Concernant, l’enseignement du 2ème cycle des études médicales, cela est d’autant plus justifié
que des connaissances élémentaires de la neuropsychologie et des bases neurales des
fonctions cognitives font partie de façon explicite ou implicite des critères d’acquisition de fin
de 2ème cycle médical. En voici quelques exemples : (BO n°31 du 30 août 2001 : Objectifs
pédagogiques terminaux pour les items de la 2ème partie du 2ème cycle des études
médicales ») module 4 : « Handicap, incapacité et dépendance ; objectifs généraux et aussi
objectifs terminaux » ; n°49 : évaluation du handicap moteur, cognitif et sensoriel et n° 53 :
« Principales techniques de rééducation et de réadaptation.
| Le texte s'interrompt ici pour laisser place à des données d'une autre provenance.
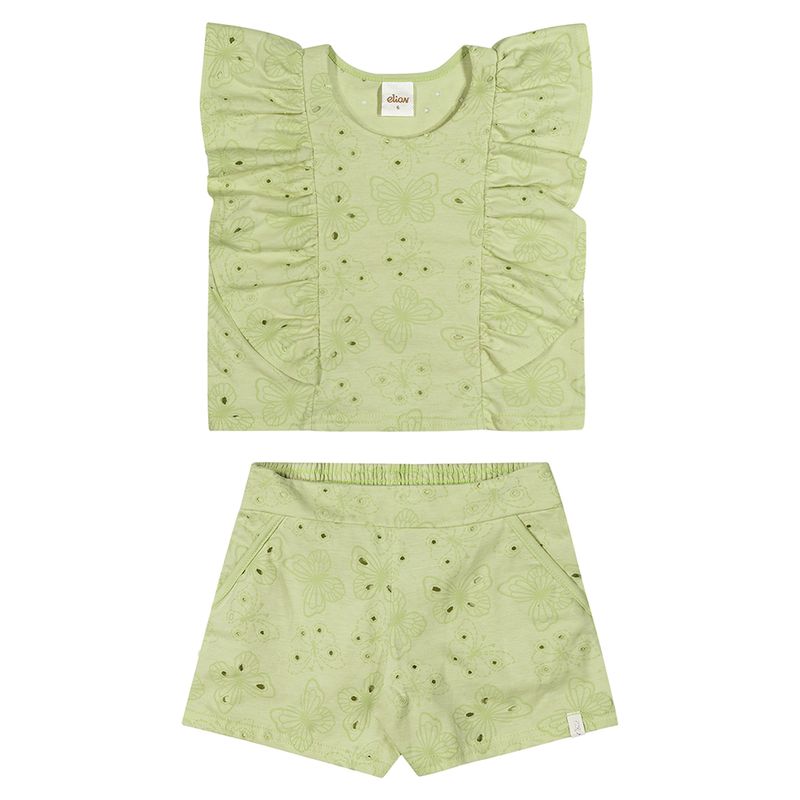 Conjunto Feminino Infantil Elian 251812 Material: MEIA MALHA DEVORÊ Manga: MANGA CURTA Abertura: FECHADA Forrado
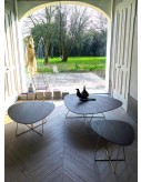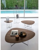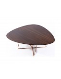 Really original coffee tables and a coat rack that combine Japanese minimalist with Italian handicraft expertise. The metal, gloss gold lacquered, round tubular structure gives the product a different, versatile, architectural appearance depending on your point of view. The tabletops are harmoniously irregular and finished with natural or heat-treated chestnut veneer.
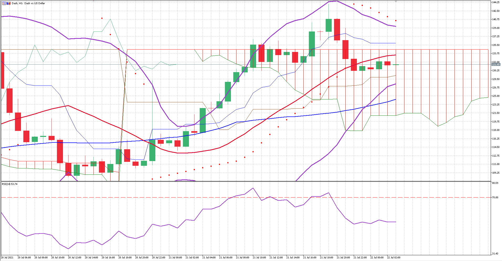 The Bollinger bands are narrow, volatility could be lower in the upcoming trading sessions. The pair traded closer to the upper band, suggesting that the price could reach a relatively high price in the next few days, but as the bands are closing, we expect a breakout soon.
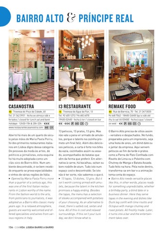 Aberto há mais de um quarto de século pelas mãos de Maria Paola Porru, foi dos primeiros restaurantes italianos em Lisboa digno dessa categoria. De pessoas da moda às artes, de políticos a jornalistas, esta esquina foi há muito adoptada como um clás-sico do Bairro Alto. Num ambiente descontraído, é-se bem recebido enquanto se prova especialidades e vinhos de várias regiões de Itália. 3 Opened by Maria Paola Porru more than a quarter of a century ago, this was one of the first Italian restaurants in Lisbon worthy of the name. From the fashion world to the arts, from politicians to journalists, it was adopted as a Bairro Alto classic many years ago. In a relaxed atmosphere, guests are warmly welcomed and offered specialities and wines from various regions in Italy. 134 · CON VIDA LISBOA BAIRRO A BAIRRO
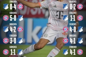 体育资讯9月20日讯 拜仁官推晒出海报,盘点了球队近10次对阵霍芬海姆的战绩,具体如下:

Savoir prescrire la masso-
kinésithérapie et l'orthophonie ». ; Module 9 : « Athérosclérose - hypertension –
thrombose » : n° 133 : « Accidents vasculaires cérébraux ». Module 11 : « Synthèse clinique
et thérapeutique - de la plainte du patient à la décision thérapeutique – urgences » : n° 192 –
« Déficit neurologique récent » ; n° 337 : « Trouble aiguë de la parole. Dysphonie ».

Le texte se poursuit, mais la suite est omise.